Lightning In A Bottle

Lightening over Nantucket’s Madaket BayIf life is a collection of moments, all strung together and played back in contrast and context to one another, then the defining moment from last summer’s trip to Nantucket was that of a lone cottage against a wide, evening sky.

The photo was taken from a narrow, wooden bridge on the western edge of Madaket’s Hither Creek. The shutter of my Canon Rebel XT’s lens was flung wide to capture dusk’s fleeting light. The sky was clear. The water was still. And while the clapboard house, framed by open water and empty sky, was splendid in its isolation, it doesn’t feel lonely; a warm light shines from within.

This year’s sojourn to our quiet little spot in the Atlantic was full of moments, too many to catalog as I regain my feel for dry land, and my taste for the pace of things.

One image, though, speaks volumes.

The week was punctuated by ever-changing weather. Days were long and lazy, broken by low fog, light drizzle, slate-gray skies, then fierce blue and blinding sun in equal turn. Most evenings involved distant — and often not so — lightning, thunder, and rain.

Our northwest-facing, second-floor porch there above Madaket Harbor was the ideal roost to take it all in.

Monday night, then, found the island locked down again as storms brewed along the eastern seaboard. Flights were canceled. The usual periodic buzz off twin-engine, Cessna 402s had quieted.
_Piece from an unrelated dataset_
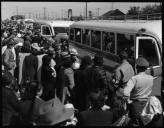 | Keywords: Byron, California. Main Street of small town in the farming district, on morning of evacuation. Si . . . - NARA - 537461.jpg Scope and content The full caption for this photograph reads Byron California Main Street of small town in the farming district on morning of evacuation Six bus loads of residents of Japanese ancestry were checked in and taken to the Assembly center at the Turlock Fairgrounds 65 miles away General notes 537461 Local identifier 210-G-C106 Department of the Interior War Relocation Authority 02/16/1944 - 06/30/1946 NARA-Author Lange Dorothea 1895-1965 Photographer 1372774 <br /> Still Picture Records Section Special Media Archives Services Division NWCS-S National Archives at College Park 8601 Adelphi Road College Park MD 20740-6001 1942-05-02 Record group Record Group 210 Records of the War Relocation Authority 1941 - 1989 Record group ARC 537 Central Photographic File of the War Relocation Authority compiled 1942 - 1945 Series ARC 536000 File unit File unit ARC Variant control numbers NAIL Control Number NWDNS-210-G-C106 Other versions <gallery> File Byron _California _Main_Street_of_small_town_in_the_farming_district _on_morning_of_evacuation _Si_ _ _ _-_NARA_-_537461 tif tif File Byron _California _Main_Street_of_small_town_in_the_farming_district _on_morning_of_evacuation _Si_ _ _ _-_NARA_-_537461 jpg jpg </gallery> NARA-cooperation PD-USGov Dorothea Lange Japanese American internment processing in Byron California Main Streets in California |

Ethan and Edward scrambled around the table as my mother, Christofer, Jennifer, Abbi and I finished our family dinner with the doors opened wide.

Just over my shoulder, there above the bride, a burnt-orange sunset was interrupted by a dramatically low and fast moving cold front that seemed to touch the tops of the trees. We moved to the porch one-by-one. The clouds passed quickly, turning the still water to a simmer, twisting the boats on the moorings, and bringing a chill to the air.
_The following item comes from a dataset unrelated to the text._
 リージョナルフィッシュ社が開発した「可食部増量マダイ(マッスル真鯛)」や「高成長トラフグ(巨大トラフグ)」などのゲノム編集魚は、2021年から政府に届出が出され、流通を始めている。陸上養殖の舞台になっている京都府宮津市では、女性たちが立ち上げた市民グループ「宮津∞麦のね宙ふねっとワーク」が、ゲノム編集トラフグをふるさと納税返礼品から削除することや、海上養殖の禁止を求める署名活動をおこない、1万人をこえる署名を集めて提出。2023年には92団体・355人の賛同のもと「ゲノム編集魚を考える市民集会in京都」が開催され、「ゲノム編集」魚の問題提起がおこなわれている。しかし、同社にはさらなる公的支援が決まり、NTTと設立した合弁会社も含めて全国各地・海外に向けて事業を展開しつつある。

On the edge of the horizon, way to the south — past Tuckernuck Island, past Martha’s Vineyard, below Cape Cod — a dense wall of thick, dark-blue clouds began flashing. Ethan, wrapped in a blanket on Abbi’s lap, grew restless.

“Isn’t it beautiful?” my mom asked him.

“I don’t like lightning,” he said in his most-vulnerable, heart-breaking, five-year-old voice. “And I’m afraid of thunder.”

We took turns trying to explaining the phenomena of lightning and thunder as Ethan swung from exhileration (“That was a big one!”) to anxiety (“Oh no! What about the fishermen out there in the boats!?!”), as I tried in vain to snap one good photo (“Did you get that one, Uncle Benjamin?”).

We sat there — all seven of us huddled in blankets, jackets and caps — for over an hour as the storm moved slowly up the coast, confident that together, we were safe from the din.